§ REQUIRED ACTION
No pictures go into the copy. Write out exactly the lines below from the one containing "Princess Y72 For Sale" through the one containing "A 10-acre lot".
§
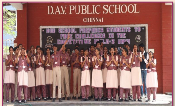
Students of Class X D Ready to Face Challenges
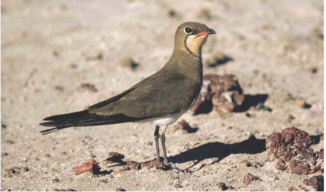
45 Afrotropical Collared Pratincole / Afrikaanse Vorkstaartplevier Glareola pratincola fülleborni , adult-summer, Amboseli, Kenya, January 1985. Another African Collared (probably female) showing most of its characters. Upperparts perhaps not as typically dark as in figure 1 but still showing little contrast with remiges. Note lack of white throat-surround. Black parts (primaries, tail-feathers) show deep purplish-blue gloss, much more pronounced than in average pratincola . Inner primary pattern is generally less pronounced than in nominate, as a result of the blacker remiges. 46 Collared Pratincole / Vorkstaartplevier Glareola pratincola , worn adult, Chobe, Botswana, 4 December 2001. A worn, rather pale bird, either a wintering nominate pratincola or a paler individual of the resident Afrotropical subspecies-group.
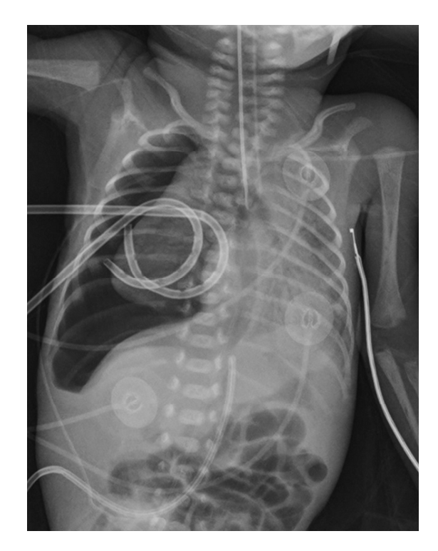
Figure 1. X-ray on the first day of life. Tension right-sided pneumothorax with the leftward shift of the mediastinum after surfactant administration.

Stabilization proved difficult with a consistently high flow through the bronchopleural fistula requiring the application of two suction drains at -10 \text{ cmH}_2\text{O} . Simultaneously, mechanical ventilation was started (PIP 25, MAP 10, FiO<sub>2</sub> 0.4) and the infant was positioned in right lateral decubitus.
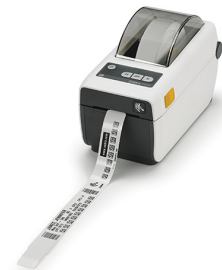
ZD410-HC ZD41H22-D01E00EZ (Ethernet, USB, BTLE) ZD41H22-D01W01EZ (USB, 802.11ac, Bluetooth 4.0)
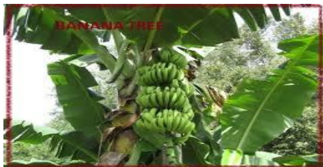
Fig 27. Banana Tree ( Musa paradisiaca )

Banana is a large herbaceous flowering outdoor plant belongs to Musaceae family, native to tropical Indomalaya and Australia. It is found to be effective in cleaning formaldehyde from the air.
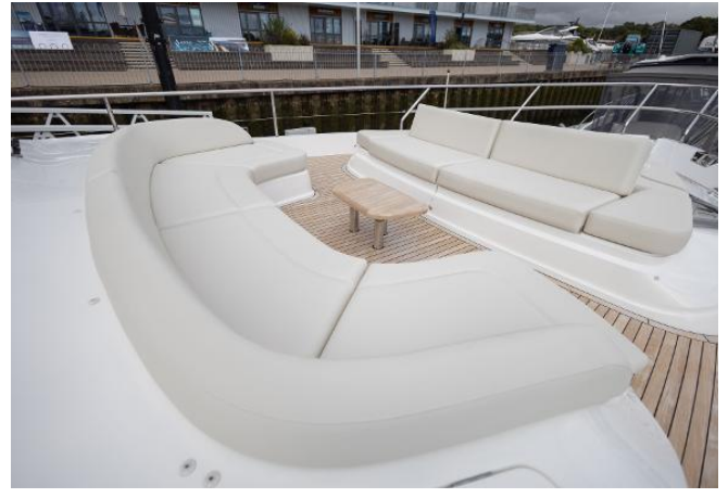
Princess Y72 For Sale
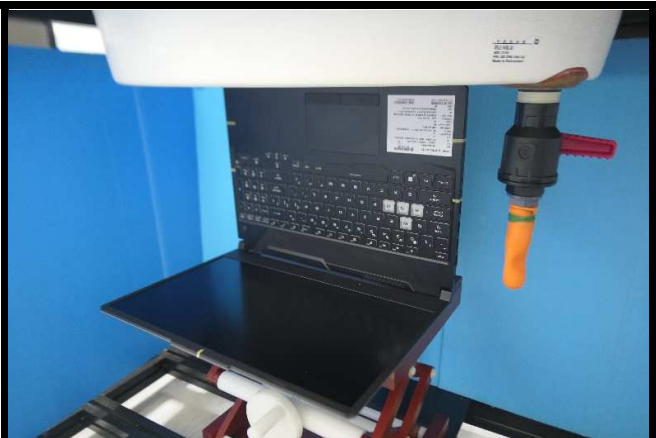
Front Edge of Laptop Tested at 0 mm
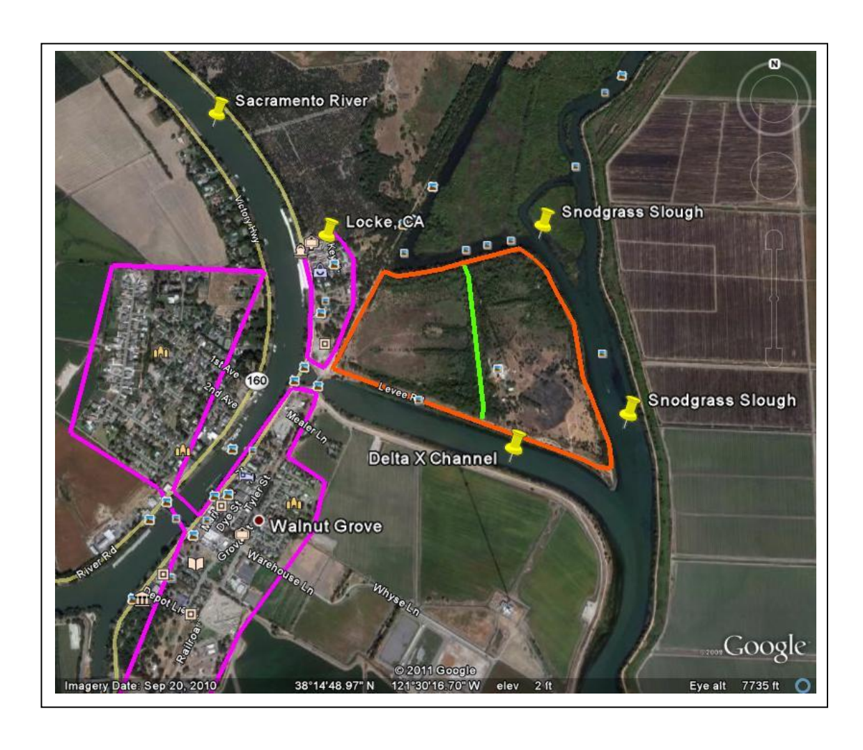
Figure 1: Proposed Action Area and Nearby Communities
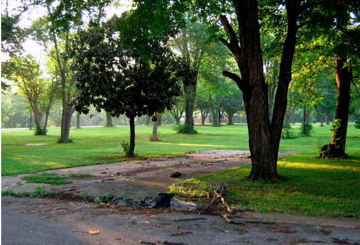
A 10-acre lot along Mohawk Trail in Hopkinsville, Kentucky's Cherokee Park community stands nearly vacant. Most of the 50 homes that were previously on the parcel were removed as part of a flood buyout program.

Finally, all buyout plans should address the potential consequences of relocation for high-risk communities, particularly the disruption of essential social networks and access to vital services. People of color, renters, those with mobility challenges, and older adults may have compelling reasons to fear moving—including the need to be close to work, family, and community support networks—even when they reside in high-risk areas. Alternatively, they simply may not have the means to relocate or know where to go. Federal guidelines should make clear that preserving community and livelihoods should be an essential element in planning buyout programs in these higher-risk communities.
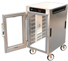
Factory Left Hand Hinging Model # HBC-LHINGE
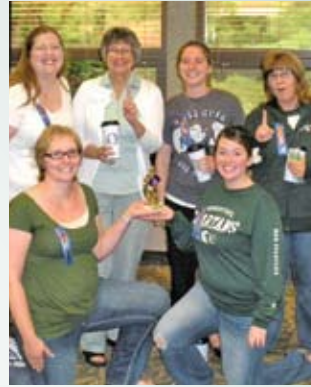
Congratulations to the winners of the 2011 Cosmic Disco Blended Bowl-A-Rama!
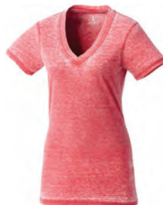
97898 NORTHSHORE BURNOUT SS TEE

Fabric: Shell: 100% Polyester dobby with water resistant coating. Lining: 100% Polyester taffeta channel quilted to soft polyfil insulation. 100% Polyester brushed tricot inner collar and pocket bags. 100% Polyester mesh inside storage pocket. Insulation: 100% Polyester soft polyfil in body 4 oz sleeves & hood 3.5 oz
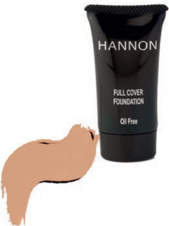
No 6 8523
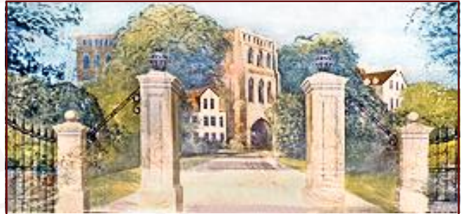
67. College Campus

Give us a call, and let us put a century of industry knowledge to work for you!
§
§ SOLUTION
Princess Y72 For Sale
Front Edge of Laptop Tested at 0 mm
Figure 1: Proposed Action Area and Nearby Communities
A 10-acre lot along Mohawk Trail in Hopkinsville, Kentucky's Cherokee Park community stands nearly vacant. Most of the 50 homes that were previously on the parcel were removed as part of a flood buyout program.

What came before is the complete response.